La première pierre a été symboliquement posée vendredi sur le chantier du Centre de conservation du Louvre à Liévin (Pas-de-Calais), où seront transférées en 2019 les oeuvres des réserves du musée à Paris.

Capture d'écran de la visite virtuelle du futur Centre de conservation des collections du Louvre à Liévin
Capture d'écran de la visite virtuelle du futur Centre de conservation des collections du Louvre à Liévin © Louvre /Rogers Stirk Harbour

Les 250 000 œuvres qui dorment actuellement dans les réserves du Palais du Louvre, partiront d’ici deux ans à Liévin, dans le futur Centre de Conservation du Louvre. 

La première pierre du bâtiment a été posée vendredi sur le chantier qui a commencé, à 500 mètres du Louvre-Lens. 

Un centre de conservation qui répondra à plusieurs urgences

Le bâtiment abritera les 250 000 œuvres des réserves du Louvre dans des conditions optimales. Des réserves actuellement éparpillées entre plus de 60 sites. 

Il y avait urgence à leur faire quitter Paris explique Jean-Luc Martinez, président-directeur du musée du Louvre : "le grand Louvre a créé d'immenses réserves mais c'est vrai que le palais est proche de la Seine, et donc les collections sont en danger. Nous l'avons vu en 2016 : avec une crue qui était simplement une crue décennale nous avons dû fermer le musée plusieurs jour. Le Louvre ne peut pas vivre avec cette épée de Damoclès et tous les 15 ou 20 ans devoir fermer et à évacuer les collections."

Sous un toit végétalisé ce centre de conservation servira également à l'étude et au traitement des œuvres

Laurent Duporge, le maire de Lens, a une pensée pour son grand-père.
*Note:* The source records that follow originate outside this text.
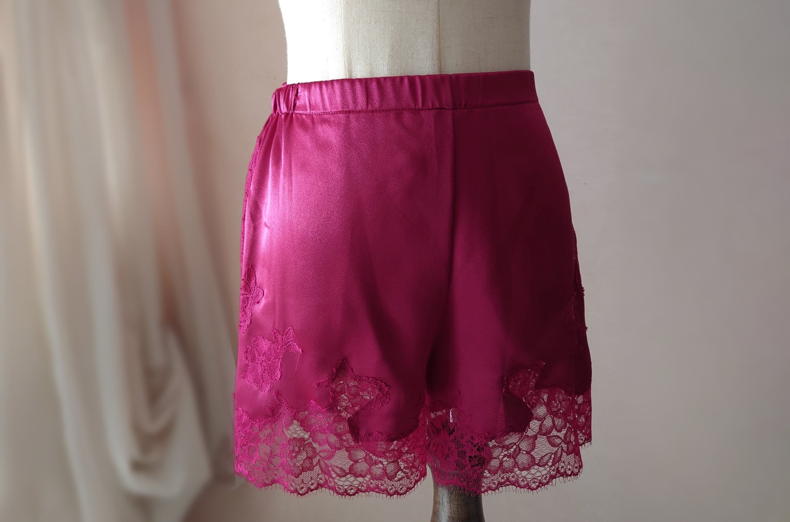 ショートパンツにも贅沢にレースがあしらわれていて、レースで透ける両サイドには深いスリットがございます。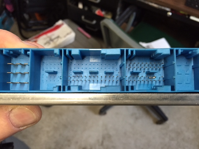Ok, I was ruminating at work today about swapping out TCMs, and going against the advice of a trusted friend who happens to own his own INDY shop, when I got home I grabbed the TCM that was matched up with my original, non-operational transmission. After looking at a number of posts on here and other BMW forums with respect to having to reprogram them, I felt pretty confident that if my TCM part numbers and other identifiers matched up, it should work. In the picture with the two TCMs, the left one is from the bad tranny and the lower one is matched to the one I just installed. Numbers looked good. So I pulled my cowl apart, and got into the e-box. Pulled out the TCM, and before I put in the replacement, looked down into the cavities to inspect the pins. If you recall in my prior posts, I had already replaced the harness from the TCM out to the o2 sensors and down to the transmission. What I did not do at that time was inspect the pins on the TCM; I just left it in place as I swapped harnesses. As you can see from my two additional pictures, I have a pin going "sideways" instead of "up." Instead of messing with trying to straighten the pin at that time, I went ahead and put my old TCM in anyway. Fired it up, took it for a ten mile run. So far, no MIL, no Rollover mitigation/4x4, light, no "trans failsafe program" warning. It did reach operating temperature, which is usually where I'd get a all the warnings to activate. I will take it on a longer run tonight and report back. |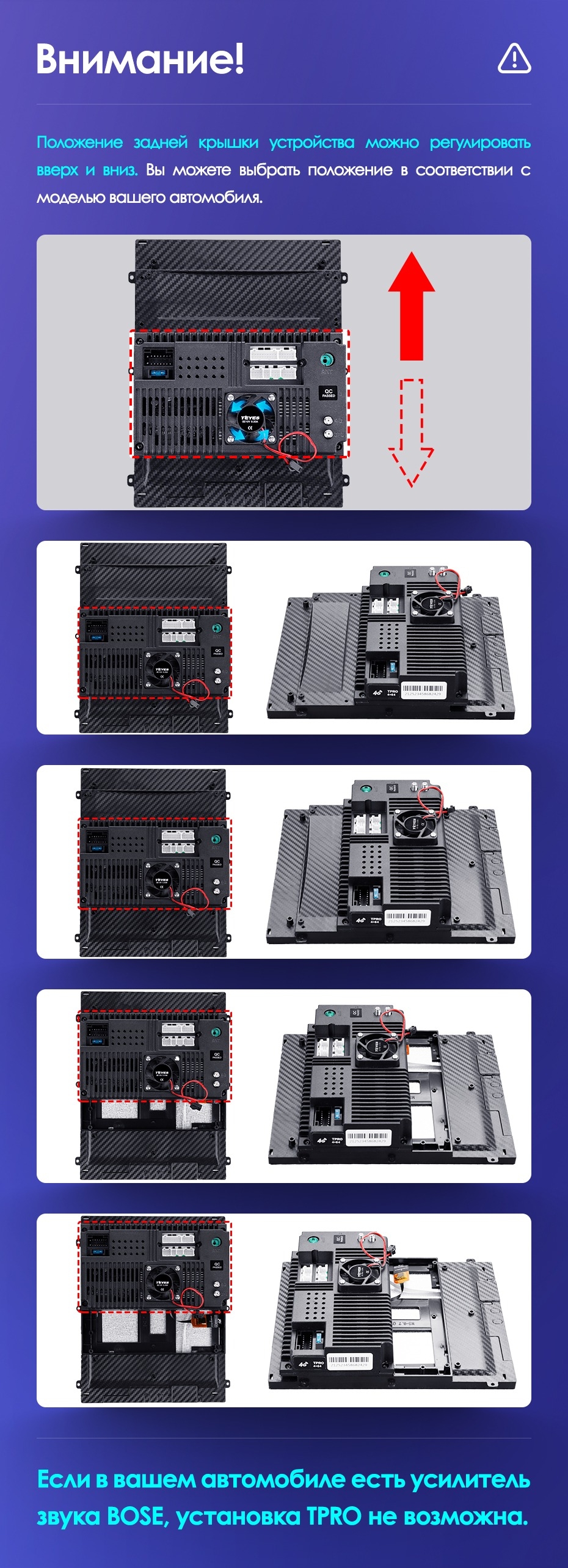 Вертикальная установка магнитолы закрывается специальной рамкой под определённый автомобиль. Утончённый, лаконичный дизайн Teyes TPRO 2 подойдёт под любую премиальную обшивку салона. Большой выбор цветовых решений интерфейса позволяет создавать индивидуальное оформление, чтобы мерцания и анимации на мониторе не отвлекали от езды. Teyes TPRO 2 - это симбиоз передовых технологий, созданный для вашего комфорта и безопасности.

Il était mineur de fond, il habitait exactement là. "Il aurait été fier, il n'aurait jamais imaginé que là où il vivait il y a aujourd'hui le Louvre et le pole de conservation."

Le futur bâtiment dédiera 9.600 m2 de ses 18 500 m2 au stockage des œuvres, et 1 700 m2 à l'étude et au traitement des œuvres. Ce transfert est aussi l'occasion pour le Louvre de lancer un grand "chantier des collections" au cours duquel chaque œuvre est prise en photo, dépoussiérée, rangée et fichée informatiquement. 

Le Centre "permettra de garder les différentes réserves dans les conditions de conservation adaptées aux matériaux", souligne Jean-Luc Martinez. Ainsi, par exemple, les bronzes archéologiques, qui ont passé beaucoup de temps en terre et craignent la corrosion de l'humidité, profiteront d'une réserve sèche spécifique. 

Ce centre de conservations sera aussi une réserve refuge pour des œuvres en péril de pays en conflit.

Coût de Centre de conservation : 60 millions d’euros, dont 42 millions pour la construction. Il est financé par l'État, les collectivités locales et l'Union européenne - qui fournit 18 millions d'euros. Le Louvre finance une partie de cette opération par le prochain versement de la licence de marque prévu à l’ouverture du Louvre Abu Dhabi.  

L’ouverture de ce Centre de Conservation du Louvre est prévue pour l’été 2019.